Collection entries:
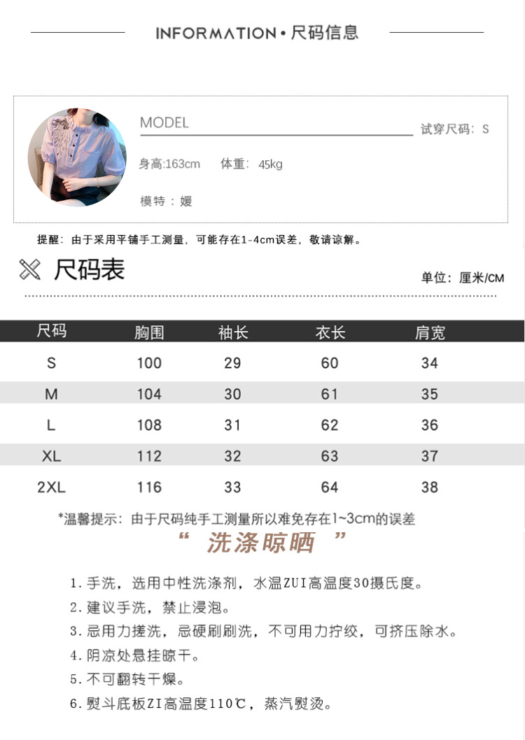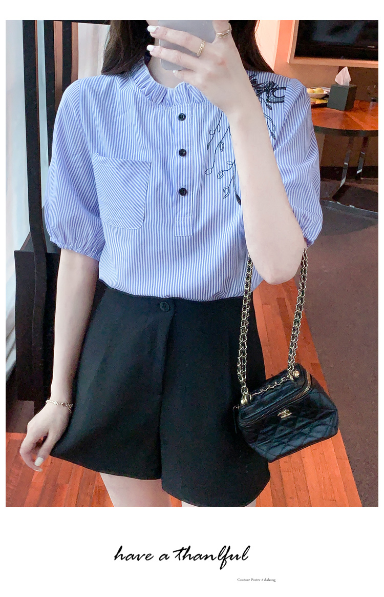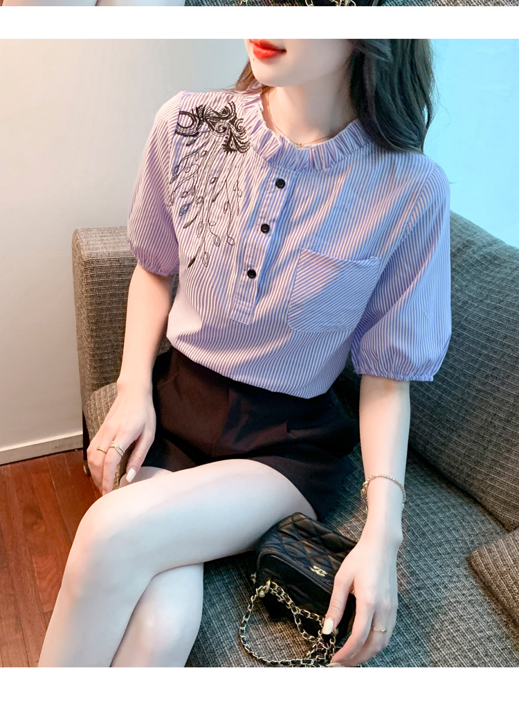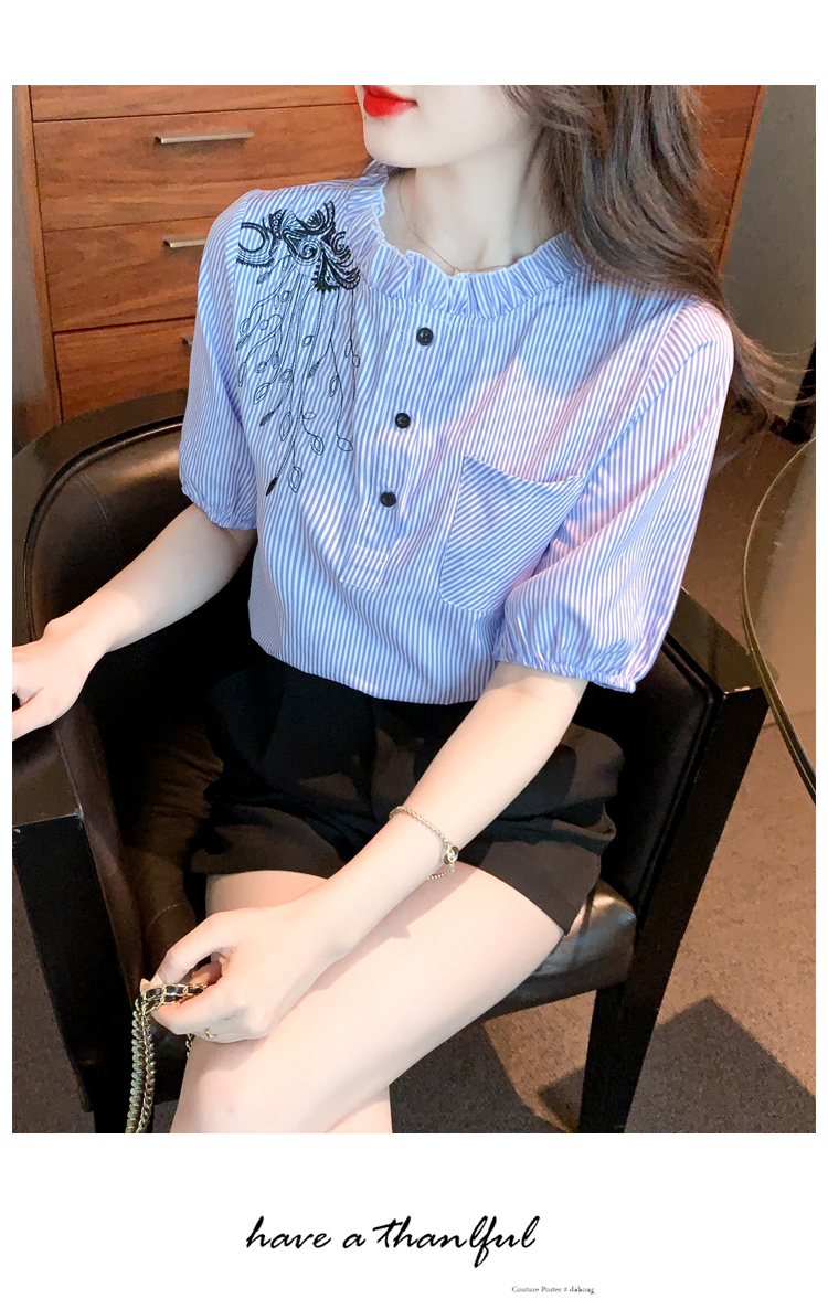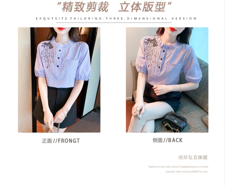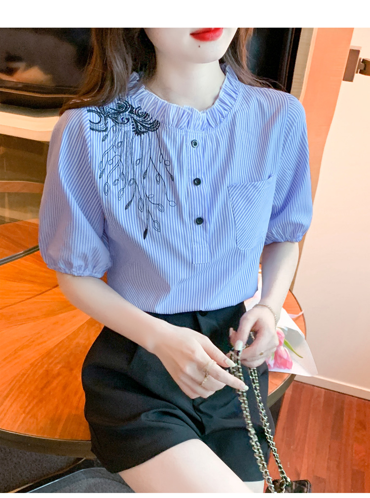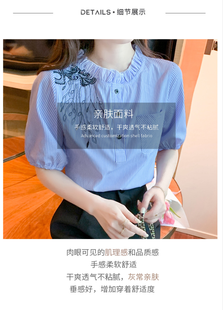 RM5835#夏季新款条纹刺绣短袖衬衫雪纺衫上衣荷叶领百搭小衫女
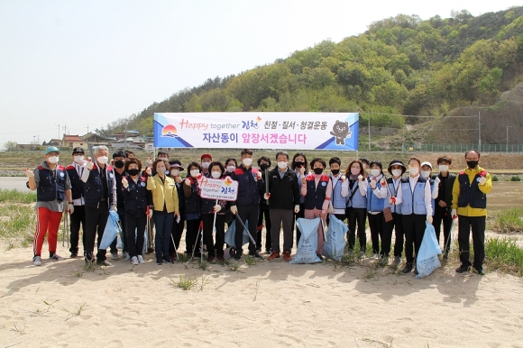한편, 자산동에서는 자연보호협의회, 자유총연맹 등 많은 단체들과 함께 하천 정화활동을 주기적으로 실시하고 있다. 시민주도의 해피투게더 김천 운동으로 변화시켜 청결한 시가지 조성에 총력을 기울일 방침이다.
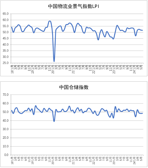 中國物流與采購聯合會發布的2024年6月份中國物流業景氣指數為51.6%,較上月回落0.2個百分點;中國倉儲指數為48.5%,較上月回升0.1個百分點。
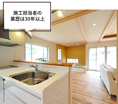 30年以上の経験をもつ職人が、質の高いリフォームを提供。一つひとつのご依頼に対して真摯に向き合い、丁寧でありながら確かな技術で住まいづくりを行います。
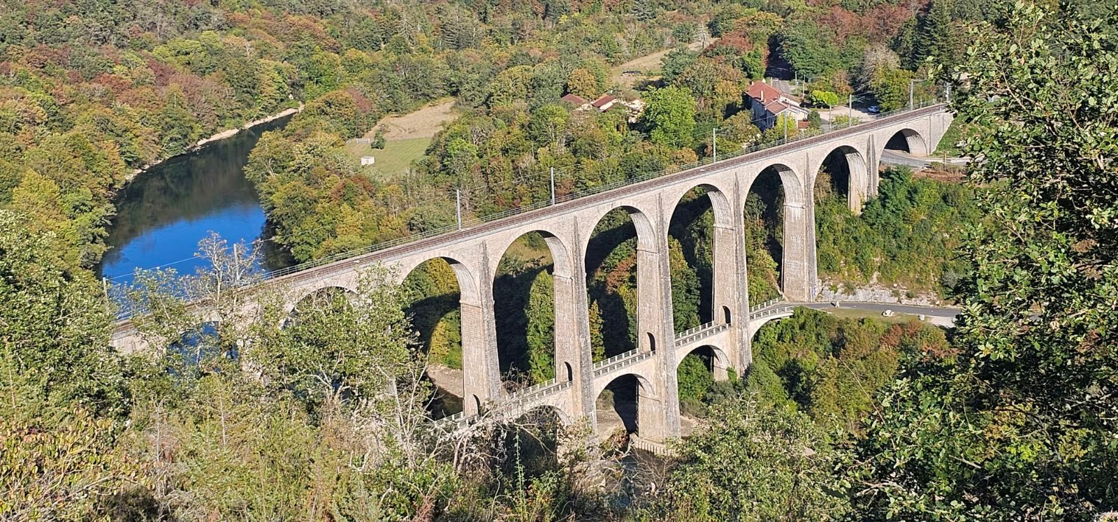 A coté du viaduc dans la montagne on peut voir une roche posée sur une autre.
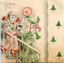 Vintage Greeting Card A Christmas Wish for Toys Gifts Children on Steps 1937
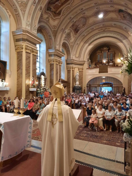 A magyar híveket a szombati napon, július 15-én a templomkertben magyar ajkú lelkiatyák várták, hogy a több száz éves hársfák árnyékában elvégezhessék a szentgyónást. Megható, ahogy sorokban várakozva éltek is a hívek ezzel a lehetőséggel. Aztán virágokkal díszített kereszttel az élen, énekszóval megérkeztek a felvidéki Mária-út zarándokai is, akik idén már nyolcadik alkalommal tették meg gyalog az útvonal egy részét. Majd következett a szabadtéri keresztút imádsága és az ünnepi litánia a kegytemplomban.

:: About this task ::
Repeat each entry above exactly. Omit the pictures.

:: Output below ::
 RM5835#夏季新款条纹刺绣短袖衬衫雪纺衫上衣荷叶领百搭小衫女
한편, 자산동에서는 자연보호협의회, 자유총연맹 등 많은 단체들과 함께 하천 정화활동을 주기적으로 실시하고 있다. 시민주도의 해피투게더 김천 운동으로 변화시켜 청결한 시가지 조성에 총력을 기울일 방침이다.
 中國物流與采購聯合會發布的2024年6月份中國物流業景氣指數為51.6%,較上月回落0.2個百分點;中國倉儲指數為48.5%,較上月回升0.1個百分點。
 30年以上の経験をもつ職人が、質の高いリフォームを提供。一つひとつのご依頼に対して真摯に向き合い、丁寧でありながら確かな技術で住まいづくりを行います。
 A coté du viaduc dans la montagne on peut voir une roche posée sur une autre.
 Vintage Greeting Card A Christmas Wish for Toys Gifts Children on Steps 1937
 A magyar híveket a szombati napon, július 15-én a templomkertben magyar ajkú lelkiatyák várták, hogy a több száz éves hársfák árnyékában elvégezhessék a szentgyónást. Megható, ahogy sorokban várakozva éltek is a hívek ezzel a lehetőséggel. Aztán virágokkal díszített kereszttel az élen, énekszóval megérkeztek a felvidéki Mária-út zarándokai is, akik idén már nyolcadik alkalommal tették meg gyalog az útvonal egy részét. Majd következett a szabadtéri keresztút imádsága és az ünnepi litánia a kegytemplomban.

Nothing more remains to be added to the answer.